Итак, можно считать установленным, что Хайдеггер принимал во внимание гегелевское наследие уже в период разработки фундаментальной онтологии, т. е. в тот период, когда он придерживался трансцендентально-феноменологической установки. Впрочем, фигура Гегеля в это время еще остается на периферии его теоретического интереса. Ситуация значительно трансформируется на рубеже 20-30-х гг., когда происходит т. н. «поворот» в мышлении философа. «Поворот» этот представляет собой отказ Хайдеггера от завершения проекта фундаментальной онтологии и переход к т. н. бытийно-историческому мышлению. Он может быть, далее, охарактеризован посредством, по крайней мере, двух моментов: через (1) отказ от онтического фундирования онтологии и через (2) отход от понимания философии как науки, которого Хайдеггер придерживался в свой трансцендентальный период.

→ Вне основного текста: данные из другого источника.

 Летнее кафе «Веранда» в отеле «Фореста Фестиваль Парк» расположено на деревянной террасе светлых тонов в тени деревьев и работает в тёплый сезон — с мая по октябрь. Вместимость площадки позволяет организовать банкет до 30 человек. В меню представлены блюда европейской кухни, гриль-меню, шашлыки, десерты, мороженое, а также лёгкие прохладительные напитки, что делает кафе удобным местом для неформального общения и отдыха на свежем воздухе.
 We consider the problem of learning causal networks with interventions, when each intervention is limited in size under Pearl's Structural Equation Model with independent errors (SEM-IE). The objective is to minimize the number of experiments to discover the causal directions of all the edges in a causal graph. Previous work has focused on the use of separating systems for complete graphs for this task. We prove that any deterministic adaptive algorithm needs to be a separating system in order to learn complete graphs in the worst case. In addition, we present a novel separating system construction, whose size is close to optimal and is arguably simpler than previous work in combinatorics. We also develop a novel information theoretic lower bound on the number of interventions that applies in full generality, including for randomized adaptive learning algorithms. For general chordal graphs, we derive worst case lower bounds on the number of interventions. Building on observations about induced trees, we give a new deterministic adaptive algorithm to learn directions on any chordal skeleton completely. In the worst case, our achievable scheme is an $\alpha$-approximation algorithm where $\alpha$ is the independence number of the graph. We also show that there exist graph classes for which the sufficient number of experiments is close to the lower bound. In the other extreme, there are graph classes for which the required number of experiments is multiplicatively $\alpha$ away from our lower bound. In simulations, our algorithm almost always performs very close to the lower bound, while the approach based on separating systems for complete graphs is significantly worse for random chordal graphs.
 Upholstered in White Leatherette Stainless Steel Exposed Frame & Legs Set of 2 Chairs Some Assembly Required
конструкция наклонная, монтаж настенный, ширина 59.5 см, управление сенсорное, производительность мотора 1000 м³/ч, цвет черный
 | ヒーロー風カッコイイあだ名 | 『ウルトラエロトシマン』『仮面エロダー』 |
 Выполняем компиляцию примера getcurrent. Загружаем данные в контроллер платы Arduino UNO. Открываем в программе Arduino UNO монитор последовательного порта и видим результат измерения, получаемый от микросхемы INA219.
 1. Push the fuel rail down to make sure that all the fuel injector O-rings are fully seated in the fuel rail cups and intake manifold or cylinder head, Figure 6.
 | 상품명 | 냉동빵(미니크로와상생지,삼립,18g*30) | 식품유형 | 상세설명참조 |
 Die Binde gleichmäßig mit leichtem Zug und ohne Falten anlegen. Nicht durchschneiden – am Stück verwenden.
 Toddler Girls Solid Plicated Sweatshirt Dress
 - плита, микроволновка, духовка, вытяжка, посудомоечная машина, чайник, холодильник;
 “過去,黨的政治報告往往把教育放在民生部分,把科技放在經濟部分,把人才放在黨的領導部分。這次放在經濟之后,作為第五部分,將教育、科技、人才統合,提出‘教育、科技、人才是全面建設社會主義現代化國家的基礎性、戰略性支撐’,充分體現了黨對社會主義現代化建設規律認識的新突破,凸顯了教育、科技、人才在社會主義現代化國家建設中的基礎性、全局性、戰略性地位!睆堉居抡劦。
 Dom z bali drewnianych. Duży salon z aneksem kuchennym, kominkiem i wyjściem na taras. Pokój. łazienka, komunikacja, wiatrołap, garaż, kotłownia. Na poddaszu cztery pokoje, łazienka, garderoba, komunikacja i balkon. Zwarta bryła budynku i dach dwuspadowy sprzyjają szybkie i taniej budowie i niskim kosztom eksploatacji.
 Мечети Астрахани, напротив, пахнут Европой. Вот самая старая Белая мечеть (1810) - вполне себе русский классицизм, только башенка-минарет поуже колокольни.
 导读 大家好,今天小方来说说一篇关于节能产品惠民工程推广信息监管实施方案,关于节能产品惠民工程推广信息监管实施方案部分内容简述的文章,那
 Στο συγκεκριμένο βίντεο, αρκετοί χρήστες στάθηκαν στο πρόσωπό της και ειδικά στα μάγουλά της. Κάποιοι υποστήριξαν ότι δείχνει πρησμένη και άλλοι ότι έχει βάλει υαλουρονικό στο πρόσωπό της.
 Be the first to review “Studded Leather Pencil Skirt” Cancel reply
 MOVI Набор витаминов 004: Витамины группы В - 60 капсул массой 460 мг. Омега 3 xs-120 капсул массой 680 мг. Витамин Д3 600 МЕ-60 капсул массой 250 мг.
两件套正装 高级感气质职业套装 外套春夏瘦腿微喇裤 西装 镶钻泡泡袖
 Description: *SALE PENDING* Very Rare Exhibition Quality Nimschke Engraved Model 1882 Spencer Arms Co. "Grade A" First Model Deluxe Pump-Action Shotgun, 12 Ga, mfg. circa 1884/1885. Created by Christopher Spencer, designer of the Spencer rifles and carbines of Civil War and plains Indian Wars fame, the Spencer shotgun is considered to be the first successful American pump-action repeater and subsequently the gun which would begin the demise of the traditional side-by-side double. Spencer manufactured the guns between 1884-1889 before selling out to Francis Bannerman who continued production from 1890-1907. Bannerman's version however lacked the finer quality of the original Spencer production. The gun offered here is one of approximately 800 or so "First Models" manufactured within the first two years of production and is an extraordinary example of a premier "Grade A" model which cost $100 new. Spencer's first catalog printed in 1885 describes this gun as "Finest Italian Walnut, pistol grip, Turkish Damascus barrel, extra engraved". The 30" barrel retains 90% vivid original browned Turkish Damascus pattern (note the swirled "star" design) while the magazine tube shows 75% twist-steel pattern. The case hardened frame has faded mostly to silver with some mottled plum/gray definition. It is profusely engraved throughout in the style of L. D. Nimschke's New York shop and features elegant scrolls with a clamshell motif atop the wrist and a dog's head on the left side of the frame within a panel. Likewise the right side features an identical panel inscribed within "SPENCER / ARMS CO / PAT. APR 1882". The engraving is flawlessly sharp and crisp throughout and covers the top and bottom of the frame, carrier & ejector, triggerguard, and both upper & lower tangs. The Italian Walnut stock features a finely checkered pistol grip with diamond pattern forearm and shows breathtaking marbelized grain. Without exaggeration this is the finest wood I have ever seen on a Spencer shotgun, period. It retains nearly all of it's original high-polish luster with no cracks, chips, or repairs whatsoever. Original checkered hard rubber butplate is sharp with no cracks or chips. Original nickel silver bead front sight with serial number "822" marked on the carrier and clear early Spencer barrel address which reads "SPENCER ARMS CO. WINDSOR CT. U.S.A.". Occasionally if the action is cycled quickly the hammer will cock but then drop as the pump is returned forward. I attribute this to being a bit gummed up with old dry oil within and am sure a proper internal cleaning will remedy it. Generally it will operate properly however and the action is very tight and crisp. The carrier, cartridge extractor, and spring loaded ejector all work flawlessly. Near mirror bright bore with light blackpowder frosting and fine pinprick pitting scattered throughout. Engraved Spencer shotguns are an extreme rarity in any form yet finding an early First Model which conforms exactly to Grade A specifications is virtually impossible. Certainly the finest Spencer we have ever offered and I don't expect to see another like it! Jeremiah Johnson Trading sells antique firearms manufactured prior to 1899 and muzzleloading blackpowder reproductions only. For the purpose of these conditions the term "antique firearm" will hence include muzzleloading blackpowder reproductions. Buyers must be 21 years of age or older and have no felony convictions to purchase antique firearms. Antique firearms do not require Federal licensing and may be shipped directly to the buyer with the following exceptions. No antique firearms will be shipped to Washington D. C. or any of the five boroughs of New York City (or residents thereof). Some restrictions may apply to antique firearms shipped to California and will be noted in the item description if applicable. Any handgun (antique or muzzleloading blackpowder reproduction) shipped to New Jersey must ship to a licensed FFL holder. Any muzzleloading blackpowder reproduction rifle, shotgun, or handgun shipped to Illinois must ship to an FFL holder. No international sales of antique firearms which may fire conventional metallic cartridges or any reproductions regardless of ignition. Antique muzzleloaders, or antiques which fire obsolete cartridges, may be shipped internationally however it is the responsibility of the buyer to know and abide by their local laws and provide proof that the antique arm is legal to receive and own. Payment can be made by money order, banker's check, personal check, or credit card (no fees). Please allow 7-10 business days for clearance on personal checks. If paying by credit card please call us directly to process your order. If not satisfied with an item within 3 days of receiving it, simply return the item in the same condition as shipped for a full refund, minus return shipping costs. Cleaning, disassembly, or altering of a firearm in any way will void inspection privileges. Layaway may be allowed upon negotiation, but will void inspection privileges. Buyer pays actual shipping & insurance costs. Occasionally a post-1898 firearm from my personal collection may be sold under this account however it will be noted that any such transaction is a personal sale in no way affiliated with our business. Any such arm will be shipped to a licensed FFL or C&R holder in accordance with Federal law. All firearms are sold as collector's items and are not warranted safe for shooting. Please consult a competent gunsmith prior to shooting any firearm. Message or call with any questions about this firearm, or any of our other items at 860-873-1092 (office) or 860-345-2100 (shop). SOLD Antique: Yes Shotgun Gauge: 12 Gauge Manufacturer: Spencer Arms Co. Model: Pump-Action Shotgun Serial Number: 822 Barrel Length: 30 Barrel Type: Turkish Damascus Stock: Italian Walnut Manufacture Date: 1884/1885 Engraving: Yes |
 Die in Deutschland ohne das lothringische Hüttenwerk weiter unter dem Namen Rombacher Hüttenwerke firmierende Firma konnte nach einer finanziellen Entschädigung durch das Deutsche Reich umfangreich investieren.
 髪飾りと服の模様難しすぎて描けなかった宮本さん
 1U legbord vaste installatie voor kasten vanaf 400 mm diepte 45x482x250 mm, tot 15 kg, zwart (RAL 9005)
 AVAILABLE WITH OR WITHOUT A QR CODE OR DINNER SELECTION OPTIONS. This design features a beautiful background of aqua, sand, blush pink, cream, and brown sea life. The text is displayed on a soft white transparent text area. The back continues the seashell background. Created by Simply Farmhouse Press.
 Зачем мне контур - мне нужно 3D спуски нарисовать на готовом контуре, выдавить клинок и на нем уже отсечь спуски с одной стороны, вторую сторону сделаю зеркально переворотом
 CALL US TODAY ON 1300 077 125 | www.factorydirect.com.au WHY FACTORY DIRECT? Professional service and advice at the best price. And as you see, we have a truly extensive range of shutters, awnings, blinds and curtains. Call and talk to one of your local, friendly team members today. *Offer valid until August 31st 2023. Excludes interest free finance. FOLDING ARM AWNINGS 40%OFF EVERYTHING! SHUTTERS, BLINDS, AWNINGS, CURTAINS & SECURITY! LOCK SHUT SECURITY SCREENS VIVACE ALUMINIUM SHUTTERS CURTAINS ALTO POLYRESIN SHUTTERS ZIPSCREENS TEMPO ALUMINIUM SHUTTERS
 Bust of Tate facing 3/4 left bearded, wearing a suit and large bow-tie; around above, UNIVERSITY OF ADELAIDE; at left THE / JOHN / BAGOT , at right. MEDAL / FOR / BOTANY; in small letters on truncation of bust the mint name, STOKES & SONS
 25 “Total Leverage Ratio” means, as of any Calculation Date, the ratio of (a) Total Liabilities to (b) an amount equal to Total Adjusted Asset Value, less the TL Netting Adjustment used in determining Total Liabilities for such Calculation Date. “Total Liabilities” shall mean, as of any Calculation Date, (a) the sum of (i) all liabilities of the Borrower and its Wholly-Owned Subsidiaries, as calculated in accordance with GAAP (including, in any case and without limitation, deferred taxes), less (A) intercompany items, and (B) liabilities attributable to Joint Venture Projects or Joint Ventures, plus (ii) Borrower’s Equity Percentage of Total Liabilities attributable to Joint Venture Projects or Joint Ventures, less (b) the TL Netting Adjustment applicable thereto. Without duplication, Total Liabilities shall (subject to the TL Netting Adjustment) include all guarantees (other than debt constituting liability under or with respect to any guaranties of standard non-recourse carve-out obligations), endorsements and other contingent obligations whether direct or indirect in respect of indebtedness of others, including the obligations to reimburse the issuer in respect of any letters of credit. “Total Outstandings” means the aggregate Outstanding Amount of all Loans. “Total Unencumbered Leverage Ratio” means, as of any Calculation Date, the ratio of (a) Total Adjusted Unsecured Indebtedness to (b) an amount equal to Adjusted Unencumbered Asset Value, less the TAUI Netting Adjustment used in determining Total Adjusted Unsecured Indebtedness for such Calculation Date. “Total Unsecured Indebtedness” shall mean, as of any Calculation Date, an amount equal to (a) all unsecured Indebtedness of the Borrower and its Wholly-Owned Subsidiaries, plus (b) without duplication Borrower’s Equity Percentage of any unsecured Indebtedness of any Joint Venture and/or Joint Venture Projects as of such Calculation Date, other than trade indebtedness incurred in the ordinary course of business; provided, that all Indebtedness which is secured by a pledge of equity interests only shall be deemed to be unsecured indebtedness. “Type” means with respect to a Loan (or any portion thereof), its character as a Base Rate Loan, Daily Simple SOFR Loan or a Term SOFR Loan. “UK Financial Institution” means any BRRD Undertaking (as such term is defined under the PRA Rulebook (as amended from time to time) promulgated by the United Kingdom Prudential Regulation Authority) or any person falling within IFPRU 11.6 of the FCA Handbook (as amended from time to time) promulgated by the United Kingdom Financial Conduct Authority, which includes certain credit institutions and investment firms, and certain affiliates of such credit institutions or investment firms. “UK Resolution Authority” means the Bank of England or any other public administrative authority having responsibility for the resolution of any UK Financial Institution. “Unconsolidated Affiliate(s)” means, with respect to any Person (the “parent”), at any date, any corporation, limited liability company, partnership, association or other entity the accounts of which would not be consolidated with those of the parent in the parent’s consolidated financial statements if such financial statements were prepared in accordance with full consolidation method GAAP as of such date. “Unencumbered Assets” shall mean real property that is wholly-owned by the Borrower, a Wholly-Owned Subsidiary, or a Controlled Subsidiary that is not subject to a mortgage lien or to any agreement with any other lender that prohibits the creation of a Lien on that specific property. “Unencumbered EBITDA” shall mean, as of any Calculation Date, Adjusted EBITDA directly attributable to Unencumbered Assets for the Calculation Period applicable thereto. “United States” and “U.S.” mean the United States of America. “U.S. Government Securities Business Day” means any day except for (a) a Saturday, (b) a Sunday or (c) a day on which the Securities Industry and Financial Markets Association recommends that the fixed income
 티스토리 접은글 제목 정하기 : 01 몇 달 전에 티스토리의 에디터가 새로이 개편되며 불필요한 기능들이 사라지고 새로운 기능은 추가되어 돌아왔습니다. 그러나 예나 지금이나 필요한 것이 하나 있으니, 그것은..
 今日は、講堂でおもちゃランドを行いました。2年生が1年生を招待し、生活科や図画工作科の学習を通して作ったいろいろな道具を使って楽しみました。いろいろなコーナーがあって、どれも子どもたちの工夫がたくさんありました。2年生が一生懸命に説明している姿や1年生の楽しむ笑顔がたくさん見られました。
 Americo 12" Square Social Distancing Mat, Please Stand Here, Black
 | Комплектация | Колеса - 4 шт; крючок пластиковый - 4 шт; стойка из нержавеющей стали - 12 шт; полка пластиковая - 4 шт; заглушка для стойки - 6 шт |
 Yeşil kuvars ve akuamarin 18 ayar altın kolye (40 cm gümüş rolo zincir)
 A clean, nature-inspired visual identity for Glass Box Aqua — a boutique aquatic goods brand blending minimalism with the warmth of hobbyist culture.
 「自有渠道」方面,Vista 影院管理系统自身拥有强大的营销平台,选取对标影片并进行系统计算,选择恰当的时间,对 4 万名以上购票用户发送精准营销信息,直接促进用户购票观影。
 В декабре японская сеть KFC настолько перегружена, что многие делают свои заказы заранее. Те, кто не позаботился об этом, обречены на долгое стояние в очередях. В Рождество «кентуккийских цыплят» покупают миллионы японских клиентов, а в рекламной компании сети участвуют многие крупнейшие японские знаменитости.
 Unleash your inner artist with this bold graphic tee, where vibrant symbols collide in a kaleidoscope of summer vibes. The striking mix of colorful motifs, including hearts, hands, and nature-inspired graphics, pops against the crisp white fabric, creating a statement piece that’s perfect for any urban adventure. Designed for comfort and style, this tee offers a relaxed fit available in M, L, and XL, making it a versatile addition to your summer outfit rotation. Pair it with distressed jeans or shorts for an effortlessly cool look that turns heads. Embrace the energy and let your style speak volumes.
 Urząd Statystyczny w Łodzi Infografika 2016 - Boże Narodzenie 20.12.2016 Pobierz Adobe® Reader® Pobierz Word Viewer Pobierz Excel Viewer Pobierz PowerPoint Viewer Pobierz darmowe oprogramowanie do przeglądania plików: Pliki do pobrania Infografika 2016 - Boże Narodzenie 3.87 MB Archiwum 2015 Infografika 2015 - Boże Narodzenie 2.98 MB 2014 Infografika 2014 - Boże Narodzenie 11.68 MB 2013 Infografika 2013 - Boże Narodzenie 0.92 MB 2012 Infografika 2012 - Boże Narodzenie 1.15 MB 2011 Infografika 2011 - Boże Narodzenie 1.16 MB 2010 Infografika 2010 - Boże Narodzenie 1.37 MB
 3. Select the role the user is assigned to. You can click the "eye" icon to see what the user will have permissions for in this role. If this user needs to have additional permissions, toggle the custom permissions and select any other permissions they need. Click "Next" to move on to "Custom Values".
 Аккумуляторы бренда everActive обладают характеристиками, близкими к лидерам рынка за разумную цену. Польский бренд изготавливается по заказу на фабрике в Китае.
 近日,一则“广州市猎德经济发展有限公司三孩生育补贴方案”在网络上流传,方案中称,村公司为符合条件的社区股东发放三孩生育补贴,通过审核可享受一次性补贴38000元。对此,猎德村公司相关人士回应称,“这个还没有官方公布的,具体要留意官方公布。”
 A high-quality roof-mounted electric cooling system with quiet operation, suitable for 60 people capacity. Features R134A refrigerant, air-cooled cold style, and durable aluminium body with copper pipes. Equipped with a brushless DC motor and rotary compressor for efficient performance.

И здесь можно отметить, что, с одной стороны, в период «поворота» и после него число обращений Хайдеггера к трудам Гегеля значительно возрастает по сравнению со временем разработки фундаментальной онтологии. Хайдеггер читает доклад «Гегель и проблема метафизики» в Амстердаме 22 марта 1930 г., значительно позднее — 26 июля 1958 г. в Гейдельберге — во многом подводящий итоги доклад под названием «Гегель и греки». Философ проводит занятия по различным гегелевским работам (в т. ч. в контексте работ других представителей послекантовского идеализма), отдавая при этом предпочтение «Феноменологии духа», особенно — введению в этот гегелевский трактат. На основе занятий, посвященных этому введению, им создается программная работа «Гегелевское понятие опыта» (1942/1943), где философ буквально по абзацам анализирует данный фрагмент из перспективы бытийно-исторического мышления. Фигура Гегеля, как и вообще гештальт немецкого идеализма, постоянно присутствует в цикле работ Хайдеггера, посвященных проблематике события («Работы по философии», «Осмысление» и пр.). Но с другой стороны, даже если и не учитывать такое усиление интереса к конкретным текстам создателя системы абсолютного идеализма, можно допустить, что сам процесс отказа от исполнения философии в трансцендентальной установке и выход на просторы бытийно-историческо-го мышления в каком-то смысле находит себе параллель в истории немецкой классической философии с ее переходом от конечного Я к абсолютной субъективности. Конечно, у Хайдеггера нет такого перехода, тем более что любая идея субъективности, даже конечной, подвергалась им критике и деструкции. И названная параллель должна пониматься как весьма условная. Тем не менее, если брать некоторые аналогии, то можно было бы сказать, что Хайдеггер периода до «поворота» движется во многом в горизонте, намеченном Кантом, тогда как после «поворота» этот горизонт расширяется благодаря мысли Гегеля и Шеллинга. Такая аналогия тем более вероятна, что как раз во время, соответствующее хайдеггеровскому «повороту», философ начинает углубленно изучать труды послекантовских немецких идеалистов, и что, по его собственному признанию, «ему при этом "заново открывается мир"» (цит. по: [7, с. 132]).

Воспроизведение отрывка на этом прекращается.